Teams each play a 52-game regular season schedule, including 8 matches against each team in their division, and two against each team in the other division.

North division
| Team | GP | W | OTW | SOW | L | OTL | SOL | Pts |
|---|---|---|---|---|---|---|---|---|
| Edmundston Blizzard | 52 | 44 | 5 | 2 | 6 | 1 | 1 | 90 |
| West Kent Steamers | 52 | 30 | 4 | 2 | 16 | 5 | 1 | 66 |
| Campbellton Tigers | 52 | 27 | 1 | 1 | 19 | 4 | 2 | 60 |
| Miramichi Timberwolves | 52 | 26 | 5 | 4 | 24 | 0 | 2 | 54 |
| Grand Falls Rapids | 52 | 16 | 0 | 0 | 27 | 2 | 7 | 41 |
| Fredericton Red Wings | 52 | 13 | 0 | 4 | 36 | 1 | 2 | 29 |

Source: "2024–25 MHL standings"

South division
| Team | GP | W | OTW | SOW | L | OTL | SOL | Pts |
|---|---|---|---|---|---|---|---|---|
| Summerside Western Capitals | 52 | 38 | 2 | 1 | 10 | 2 | 2 | 80 |
| Amherst Ramblers | 52 | 35 | 3 | 1 | 15 | 2 | 0 | 72 |
| Truro Bearcats | 52 | 28 | 1 | 1 | 22 | 1 | 1 | 58 |
| Pictou County Crushers | 52 | 25 | 0 | 2 | 21 | 5 | 1 | 56 |
| Yarmouth Mariners | 52 | 21 | 3 | 2 | 30 | 0 | 1 | 43 |
| Valley Wildcats | 52 | 9 | 0 | 1 | 41 | 1 | 1 | 20 |

Source: "2024–25 MHL standings"

== Post-season ==

The first seed Edmundston Blizzard swept the final round against the seventh seed Pictou County Crushers in four games to win the league championship Metalfab Cup and advanced to the national championship tournament in Calgary.

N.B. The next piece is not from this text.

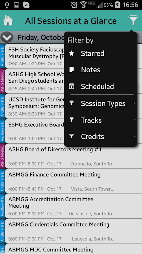 The American Society of Human Genetics Annual Meeting is held each fall and attracts over 6,500 scientific attendees, plus over 200 exhibiting companies, which makes it the world's largest gathering of human genetic professionals. Highlights include invited, plenary, platform, and poster sessions as well as education/trainee workshops, career opportunities, award presentations, networking events, and more. ASHG members and leading scientists from around the world are selected to present their most recent research findings. Registration includes access to hundreds of presentations and to online webcast recordings of selected sessions as well as admission to exhibits on the latest laboratory equipment, products, publications, and software. The ASHG 64th Annual Meeting is being held at the San Diego Convention Center in San Diego, CA from October 18-22, 2014. Visit www.ashg.org/2014meeting for additional information. App features include: • Native app: No wifi connection required to access the conference program, schedule or animated maps. • Now: Stay informed about hot issues, event program changes, your upcoming sessions and organizer messages. • Program: Browse the entire event program to build your personal schedule, bookmark sessions or speakers, or access session handouts as available. • Take notes and email them as part of your trip report for reference. • Exhibitors, Maps, related conference info and much more. • Disclaimer: Continued use of GPS running in the background can dramatically decrease battery life.

Source: "2024–25 MHL playoff results"

=== Quarterfinal: Edmundston Blizzard vs Miramichi Timberwolves ===
The first-place Edmundston Blizzard defeated the eighth-place Miramichi Timberwolves in four games to one. Miramichi's double-overtime victory in game two was Edmunston's only loss of the playoffs.

=== Quarterfinal: West Kent Steamers vs Campbellton Tigers ===
The fifth-place Campbellton Tigers defeated the fourth-place West Kent Steamers in four games to two after winning game six in double-overtime.

=== Quarterfinal: Amherst Ramblers vs Truro Bearcats ===
The sixth-place Truro Bearcats defeated the third-place Amherst Ramblers in four games to two.

=== Quarterfinal: Summerside Western Capitals vs Pictou County Crushers ===
The seventh-place Pictou County Crushers defeated the second-place Summerside Western Capitals in four games to one.

=== Semifinal: Edmundston Blizzard vs Campbellton Tigers ===
The Edmundston Blizzard swept the Campbellton Tigers in four games to advance to the final.

=== Semifinal: Truro Bearcats vs Pictou County Crushers ===
The Pictou County Crushers swept the Truro Bearcats in four games to win the Nova Scotia Junior A championship and advance to the MHL championship final against the Edmundston Blizzard.

=== Final: Edmundston Blizzard vs Pictou County Crushers ===
The Edmundston Blizzard swept the Pictou County Crushers in four games to win the league championship Metalfab Cup and advance to the national championship 2025 Centennial Cup tournament in Calgary.

== National championship ==

The 54th annual Junior A national championship tournament took place at the Max Bell Centre in Calgary, hosted by the Calgary Canucks of the Alberta Junior Hockey League (AJHL). Representing the MHL, the Metalfab Cup championship Edmundston Blizzard were eliminated from competition after losing two out of four matches in the preliminary round.